Top of DATA SHOWN
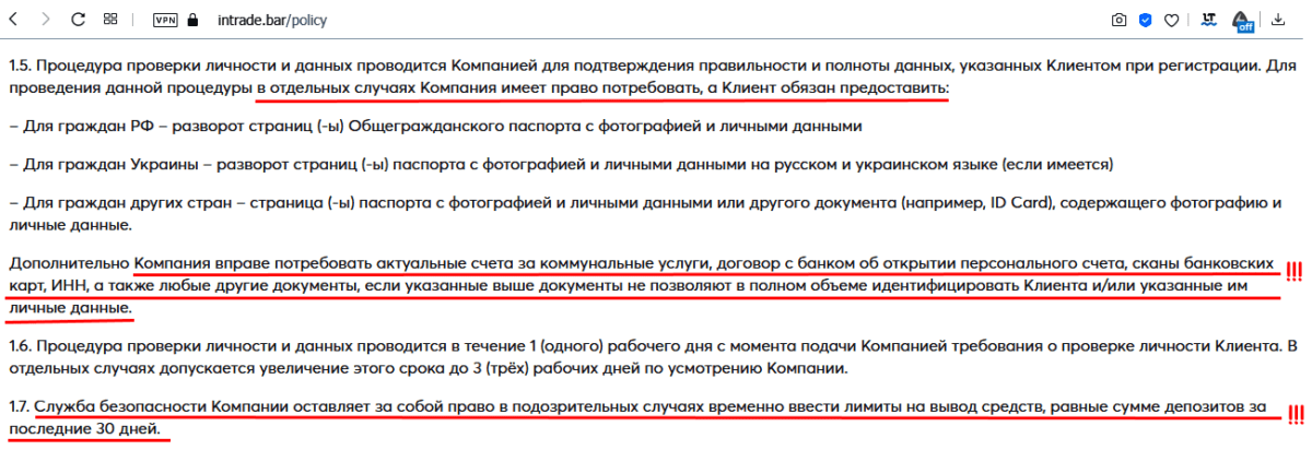 Тем, кто все еще сомневается и пытается апеллировать к рекламным заявлениям брокера («анонимность торговли», «верификация Интрейд Бар не нужна» и прочее), предлагаем внимательно почитать раздел AML и KYC на официальном сайте. Там четко сказано:
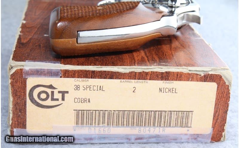 Description: A very nice Colt Cobra nickel .38 special with a 2 inch barrel. Excellent overall condition with the factory box and paperwork. Will make a nice addition to your collection. .38 Special SOLD Metal Condition: "Excellent with light wear, slight turn mark on cylinder Wood Condition: Excellent with light handling marks Bore Condition: Bright and Shiny Triggers: Single/Double action Weight: 1 lbs Sights: "iron sights, fixed Item Location: Gonzales, LA |
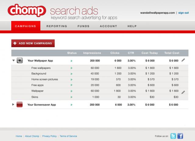就像Google的AdWords,Chomp的搜索广告是基于竞价的服务,开发者建立一个帐户并预先为帐户充值,开发者可以设定每天最高花费多少,每个关键词最高出价多少等。
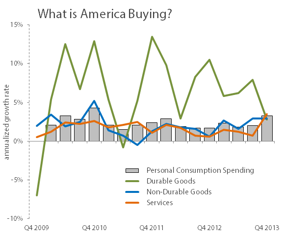 However, personal consumption was an important part of this quarterly upgrade. Key to that boost was a growth in U.S. services spending, which grew at its fastest rate in nearly a decade. You'd have to go back to 2005 to find a higher growth rate in services-related spending than the 3.5% recorded in the fourth quarter. This rise offsets a weakening in durable-goods spending, which is notoriously erratic:
Bottom of DATA SHOWN
= PROMPT =
All lines from the one that contains "就像Google的AdWor" through the last line of the data should be retyped exactly, with the pictures left out.

= WRITTEN RESPONSE =
就像Google的AdWords,Chomp的搜索广告是基于竞价的服务,开发者建立一个帐户并预先为帐户充值,开发者可以设定每天最高花费多少,每个关键词最高出价多少等。
 However, personal consumption was an important part of this quarterly upgrade. Key to that boost was a growth in U.S. services spending, which grew at its fastest rate in nearly a decade. You'd have to go back to 2005 to find a higher growth rate in services-related spending than the 3.5% recorded in the fourth quarter. This rise offsets a weakening in durable-goods spending, which is notoriously erratic:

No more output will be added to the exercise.